Among the entries below, only the lines from the one with "The flat itself" through the one with "Da die Multistrada" are to be retyped, exactly and without pictures.

→ **Information provided**:
[Start of Attachment]

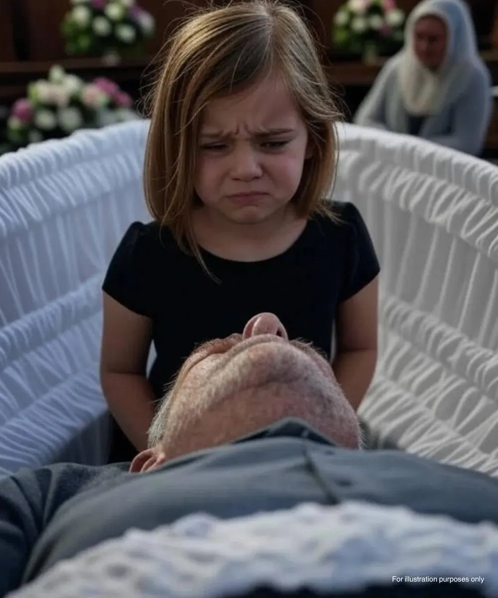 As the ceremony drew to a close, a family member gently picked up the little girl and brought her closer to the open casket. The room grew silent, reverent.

[End of Attachment]
[Start of Attachment]

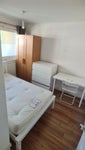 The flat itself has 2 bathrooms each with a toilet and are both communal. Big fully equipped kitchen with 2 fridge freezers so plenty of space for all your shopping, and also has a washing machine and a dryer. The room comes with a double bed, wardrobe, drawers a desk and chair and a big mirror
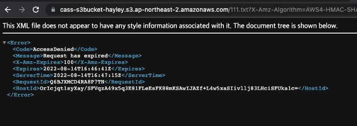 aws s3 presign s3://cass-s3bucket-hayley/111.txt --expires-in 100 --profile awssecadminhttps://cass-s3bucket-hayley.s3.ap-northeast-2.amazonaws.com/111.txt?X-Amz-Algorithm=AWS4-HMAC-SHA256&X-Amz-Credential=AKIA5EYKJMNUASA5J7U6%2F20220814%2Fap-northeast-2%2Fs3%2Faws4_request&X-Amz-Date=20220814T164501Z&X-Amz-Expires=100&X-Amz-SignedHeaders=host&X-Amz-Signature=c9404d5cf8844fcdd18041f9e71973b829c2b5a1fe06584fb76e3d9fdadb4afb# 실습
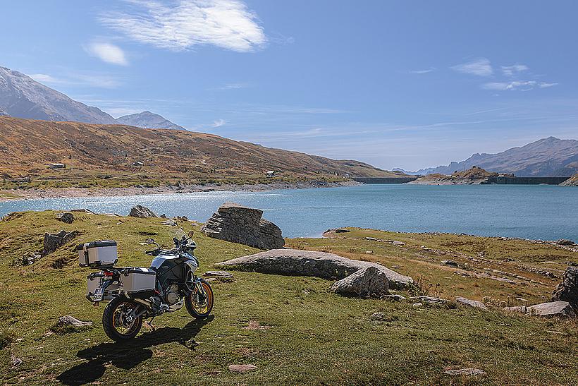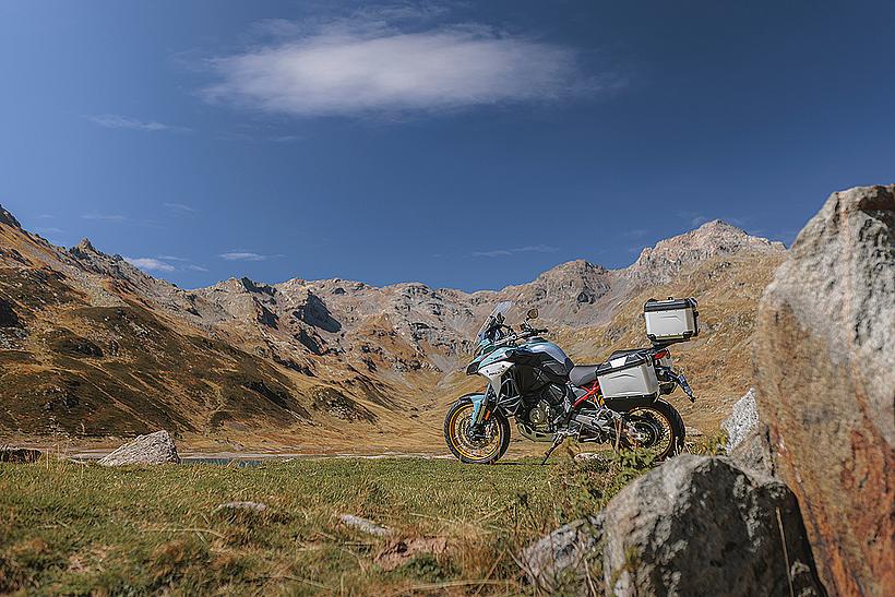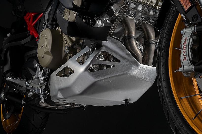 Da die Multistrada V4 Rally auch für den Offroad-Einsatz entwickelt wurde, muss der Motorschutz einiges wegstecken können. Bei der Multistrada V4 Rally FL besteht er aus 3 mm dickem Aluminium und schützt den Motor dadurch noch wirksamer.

[End of Attachment]
[Start of Attachment]

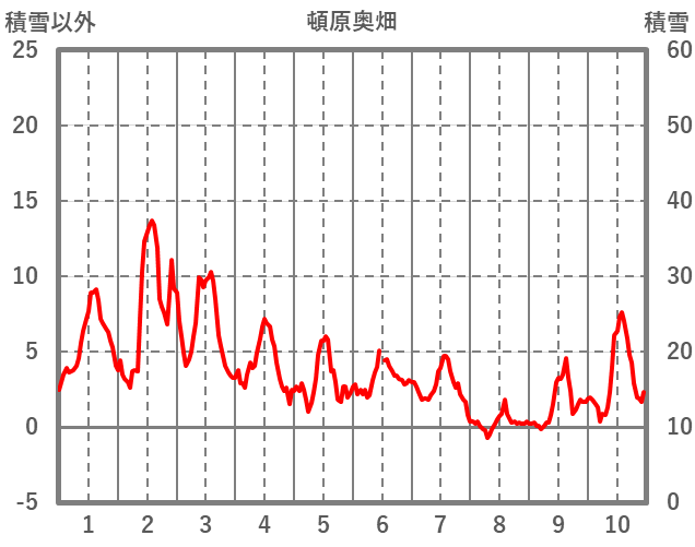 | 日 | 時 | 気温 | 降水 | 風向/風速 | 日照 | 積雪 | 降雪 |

[End of Attachment]

→ **Written solution**:
 The flat itself has 2 bathrooms each with a toilet and are both communal. Big fully equipped kitchen with 2 fridge freezers so plenty of space for all your shopping, and also has a washing machine and a dryer. The room comes with a double bed, wardrobe, drawers a desk and chair and a big mirror
 aws s3 presign s3://cass-s3bucket-hayley/111.txt --expires-in 100 --profile awssecadminhttps://cass-s3bucket-hayley.s3.ap-northeast-2.amazonaws.com/111.txt?X-Amz-Algorithm=AWS4-HMAC-SHA256&X-Amz-Credential=AKIA5EYKJMNUASA5J7U6%2F20220814%2Fap-northeast-2%2Fs3%2Faws4_request&X-Amz-Date=20220814T164501Z&X-Amz-Expires=100&X-Amz-SignedHeaders=host&X-Amz-Signature=c9404d5cf8844fcdd18041f9e71973b829c2b5a1fe06584fb76e3d9fdadb4afb# 실습
 Da die Multistrada V4 Rally auch für den Offroad-Einsatz entwickelt wurde, muss der Motorschutz einiges wegstecken können. Bei der Multistrada V4 Rally FL besteht er aus 3 mm dickem Aluminium und schützt den Motor dadurch noch wirksamer.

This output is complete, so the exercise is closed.